For Isaiah the Day of the Lord was going to be terrible indeed.
But Paul went further than this for he always accepted that eternal life was in Jesus Christ and never apart from Him. It would be received only as a gift and never as a wage, and yet to those who do receive it as God gives it in Jesus Christ also find that there are other things as well bestowed as gifts by the Holy Spirit.
For the gospel message was there to be proclaimed in word and lived out in life and in deed. It was there to give life to all relationships and loyalties and to set our priorities and hopes.
Life outside the gospel message and its community would be dreich indeed. It might consist of affecting the right attitudes but never living in that deeper wisdom of God. It might hope that occasional acts of charity would buy God’s mercy as if the blood of Jesus was not enough or could be substituted by self-selected and self-evaluated ‘good works’.

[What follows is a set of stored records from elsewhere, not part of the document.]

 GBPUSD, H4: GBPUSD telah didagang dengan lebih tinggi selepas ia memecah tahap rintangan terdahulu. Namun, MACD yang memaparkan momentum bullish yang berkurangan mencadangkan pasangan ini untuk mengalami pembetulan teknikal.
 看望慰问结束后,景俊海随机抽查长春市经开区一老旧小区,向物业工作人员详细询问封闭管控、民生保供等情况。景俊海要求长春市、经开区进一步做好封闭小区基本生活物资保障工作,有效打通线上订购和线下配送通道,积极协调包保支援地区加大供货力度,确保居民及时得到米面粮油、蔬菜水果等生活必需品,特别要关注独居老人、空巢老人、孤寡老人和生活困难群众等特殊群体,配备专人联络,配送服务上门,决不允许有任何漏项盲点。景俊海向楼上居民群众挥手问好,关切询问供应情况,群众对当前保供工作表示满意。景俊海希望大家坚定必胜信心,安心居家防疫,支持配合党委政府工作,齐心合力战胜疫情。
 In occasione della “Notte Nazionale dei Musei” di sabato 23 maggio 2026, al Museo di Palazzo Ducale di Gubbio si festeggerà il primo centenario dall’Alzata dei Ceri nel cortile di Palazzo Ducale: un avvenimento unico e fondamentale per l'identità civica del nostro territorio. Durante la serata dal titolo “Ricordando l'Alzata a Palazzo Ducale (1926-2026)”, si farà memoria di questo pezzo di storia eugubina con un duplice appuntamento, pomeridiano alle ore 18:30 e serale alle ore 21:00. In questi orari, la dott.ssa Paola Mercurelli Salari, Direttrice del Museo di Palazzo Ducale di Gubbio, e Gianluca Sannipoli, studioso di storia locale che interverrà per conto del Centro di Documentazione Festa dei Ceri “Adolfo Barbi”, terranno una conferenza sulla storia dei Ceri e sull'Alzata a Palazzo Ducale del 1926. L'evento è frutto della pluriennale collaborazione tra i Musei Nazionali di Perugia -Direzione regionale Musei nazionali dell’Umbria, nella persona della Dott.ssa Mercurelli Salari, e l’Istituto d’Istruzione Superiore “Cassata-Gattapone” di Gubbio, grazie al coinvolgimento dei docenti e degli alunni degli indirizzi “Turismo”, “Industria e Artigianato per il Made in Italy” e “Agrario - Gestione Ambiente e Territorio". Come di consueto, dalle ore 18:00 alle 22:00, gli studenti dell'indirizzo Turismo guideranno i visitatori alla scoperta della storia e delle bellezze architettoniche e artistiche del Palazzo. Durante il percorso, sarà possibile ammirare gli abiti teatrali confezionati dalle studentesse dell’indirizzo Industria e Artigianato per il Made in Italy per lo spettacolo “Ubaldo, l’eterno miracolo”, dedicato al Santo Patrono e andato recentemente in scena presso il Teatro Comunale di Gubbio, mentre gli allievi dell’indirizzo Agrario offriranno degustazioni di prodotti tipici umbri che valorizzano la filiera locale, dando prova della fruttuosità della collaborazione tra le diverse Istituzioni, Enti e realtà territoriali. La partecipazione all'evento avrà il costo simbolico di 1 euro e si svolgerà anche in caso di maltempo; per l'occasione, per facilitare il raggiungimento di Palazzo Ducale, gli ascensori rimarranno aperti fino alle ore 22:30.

We might hope that God would underwrite the priorities of our lifestyles and choices when He really wants us to life His life in the world and to know His life within our own. Far from rubber-stamping our choices, He should be setting our priorities.
But this is the state of the world and of the church that Jesus warns us about. It would be a time when the testimony to the life of God in Jesus Christ would be rejected and abused by the world as a whole and by those parts of the church for which the world’s approval counted for more than that of God.

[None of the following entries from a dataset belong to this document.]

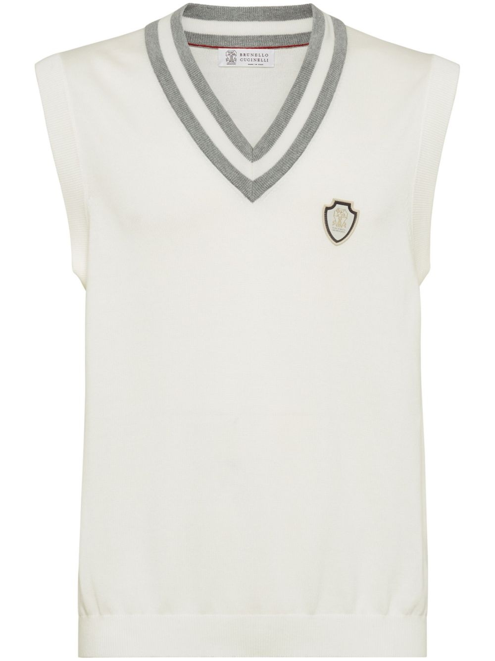 cotton vest Highlights - White - Applique logo - Striped border - V-neck - Sleeveless Made in Italy Composition Cotton 100%
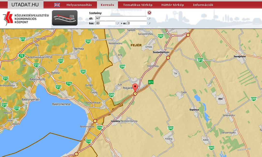Anyagi kárral járó közúti közlekedési baleset történt 2014. december 1-jén 11 óra 50 perckor az M7-es autópályán a 80-as kilométerszelvényben, a Polgárdi lehajtónál. Eddig tisztázatlan körülmények között egy személygépkocsi a bal pályatest külső sávjából az árokba hajtott. A baleset során személyi sérülés nem történt, de a sérült gépjármű törmelékei az úttesten szétszóródtak, ezért a helyszíni szemle és a műszaki mentés idejére a helyszínen félpályás útlezárás van érvényben.
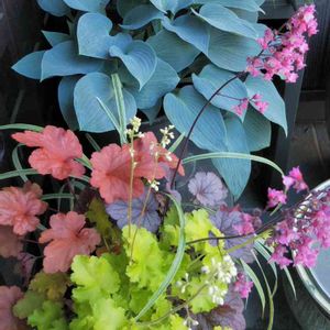 ヒューケラとホスタのハルシオン 色の相性の良さにいつも見とれています

It would be a time when the simple gospel message would be regarded as being narrow, intolerant, self-satisfied and plain out-of-date. Certainly not culturally appropriate or multi-cultural.

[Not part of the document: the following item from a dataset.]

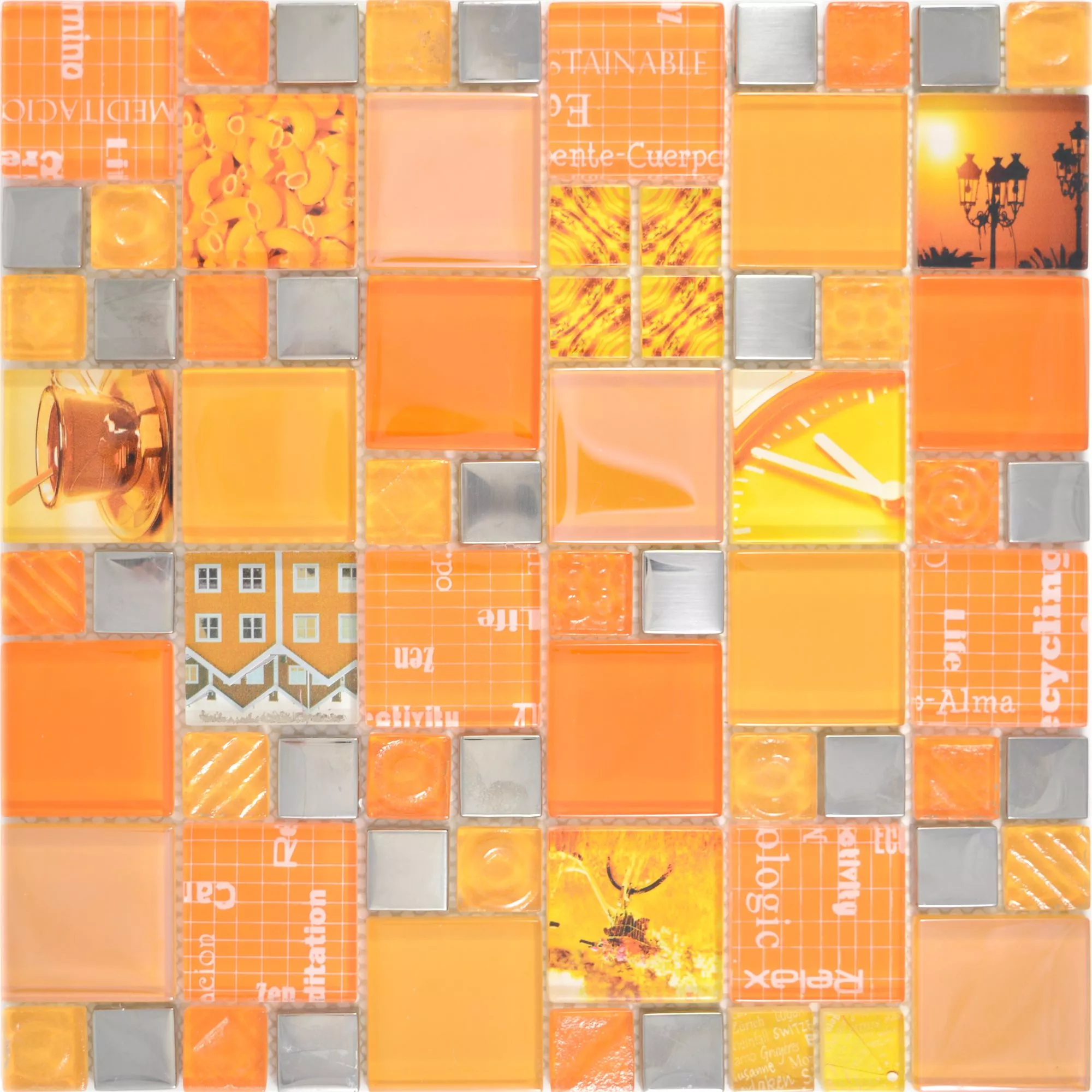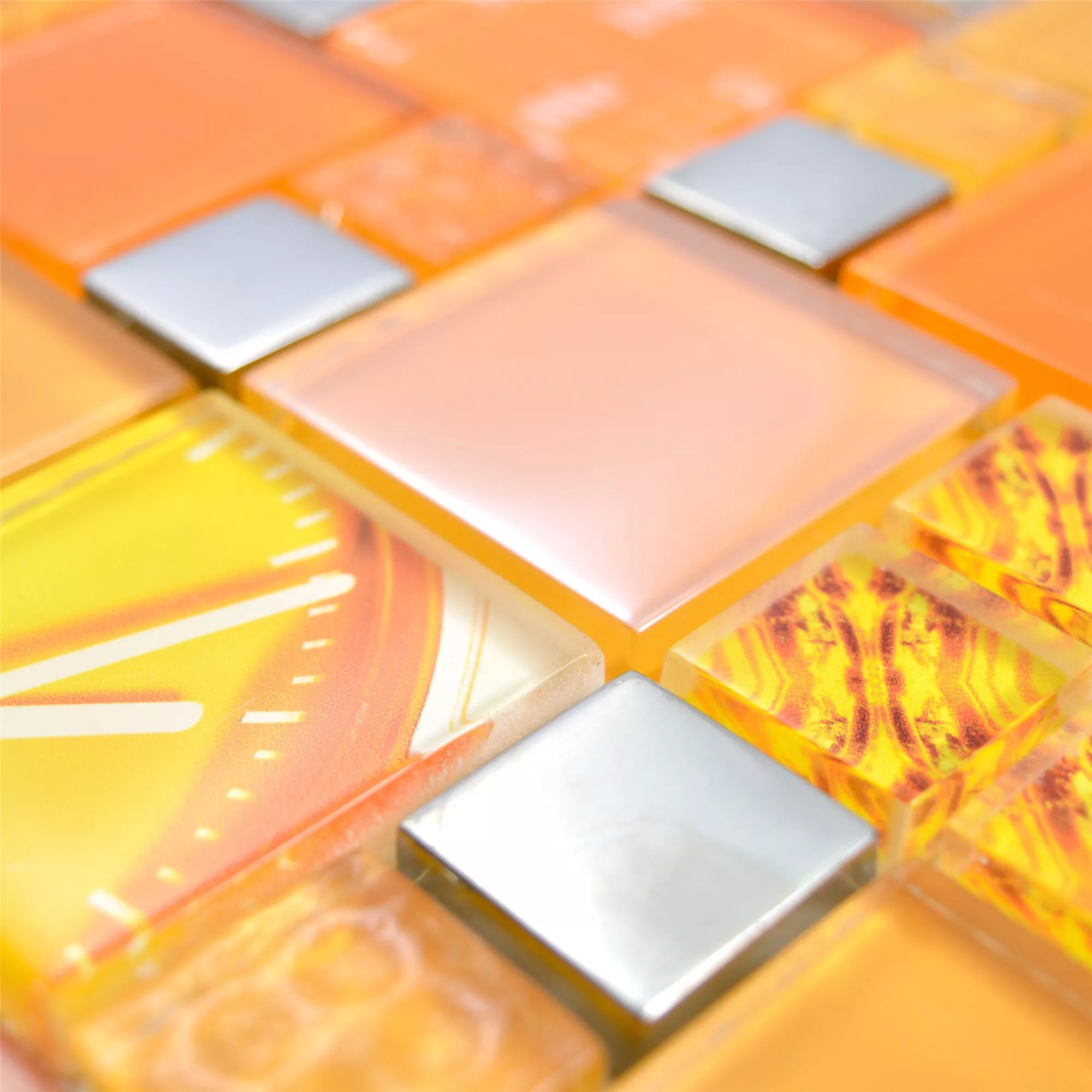 Mønster fra Glass Mosaikk Fliser Nemesis Oransje Sølv

It would have no place in a multi-cultural world, already rocked by political and cultural insanity together with climatic and economic instability.
And it would be an easy target, not particularly good at defending itself, and whose protests would only incite further amusement and ridicule – even satisfaction and pleasure.
It would be a time when people had abandoned not only the world-changing message of salvation, but despised those who held to it.
But this is the time when as in times past, the world seemed to give itself over to insanity and industrialized mass murder. When the ideologies of resentment and of grievance were going to be far more appealing than a message of repentance and faith.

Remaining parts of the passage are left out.